IL-6 is essentially a chemoattractant and stimulator of lymphocytes [30-33]. It also functions as a pleiotropic mediator in the acute-phase response and stimulates the differentiation and proliferation of various target cells [33]. IL-6 exerts its effects through the Janus kinase/signal transducer and activator of transcription (JAK/STAT) pathway [34]. Because the IL-6 receptor does not have intrinsic tyrosine kinase activity, when IL-6 binds to the extracellular ligand-binding domain of its receptor, members of the JAK family are activated and phosphorylate the tyrosine residues of the IL-6 receptor, which then act as docking sites for the SH2 domains of STATs. IL-6-activated T lymphocytes then secrete TGF-β and trigger the fibrotic cascade.
Consistent with a previous report that IL-6 participates directly in the transdifferentiation of Tenon’s capsule fibroblasts to myofibroblasts [35], in the present study we verified the presence of autocrine IL-6 from activated Tenon’s capsule fibroblasts.
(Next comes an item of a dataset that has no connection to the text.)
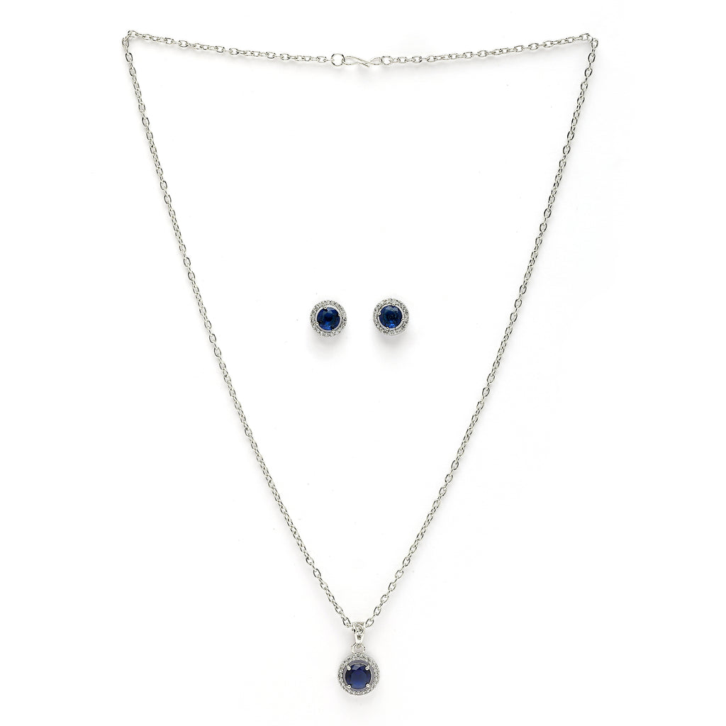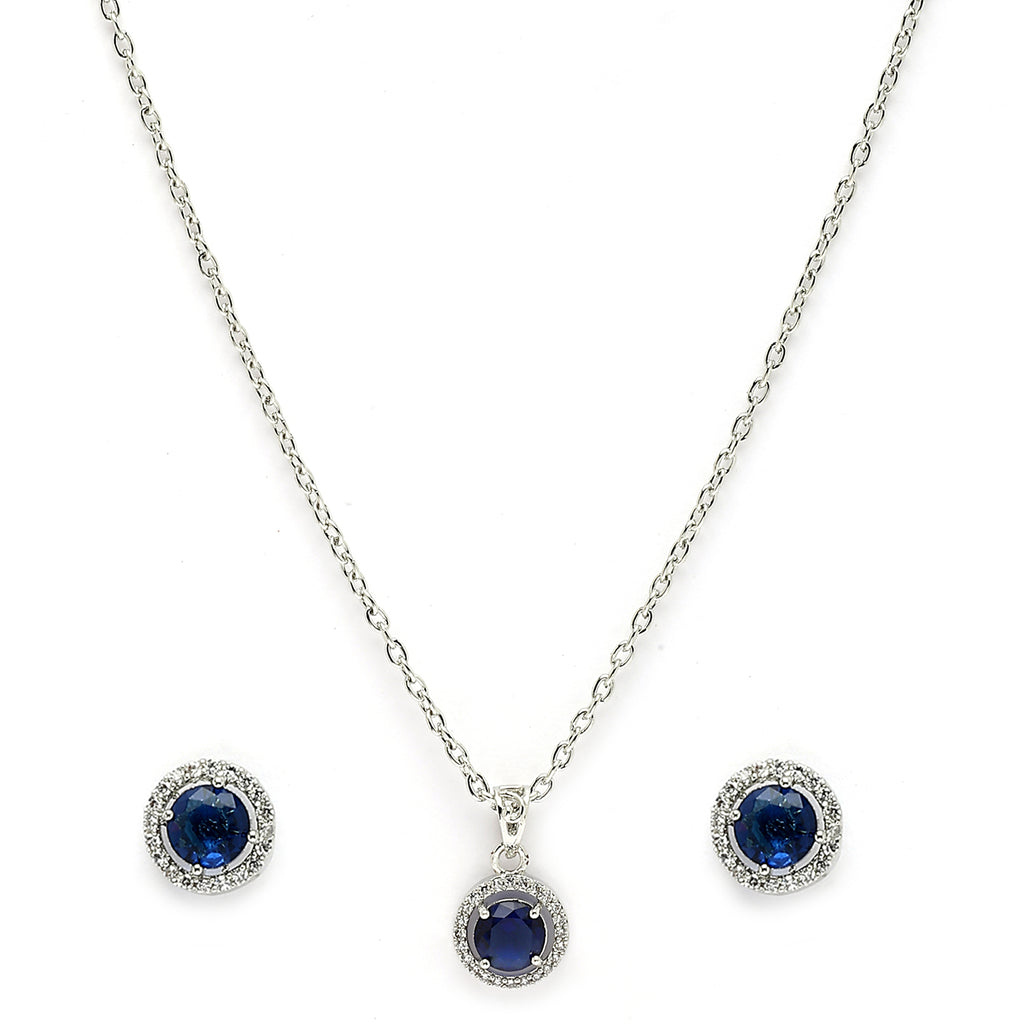 Chic Round Design: This rhodium-plated pendant set features a sleek circular design, enhanced with a stunning blue American diamond for a touch of modern elegance.

We found that the transcription of IL-6 and IL-11 was increased by TGF-β1 stimulation in human Tenon’s fibroblasts, and that this was accompanied by the upregulated expression of α-SMA. When IL-6-specific siRNAs were used, the TGF-β1-stimulated increase in expression of α-SMA was blocked, but this did not occur when IL-11-specific siRNAs were used. Our results indicate that autocrine IL-6 produced as a result of TGF-β-stimulation of human Tenon’s fibroblasts stimulates the transdifferentiation of these fibroblasts to myofibroblasts, which is thought to be essential for subconjunctival fibrosis. Modulation of autocrine IL-6 production might be useful as a novel therapeutic strategy for controlling postoperative subconjunctival fibrosis.
This work was supported by a Faculty Research Grant from Yonsei University College of Medicine (6-2008-0156).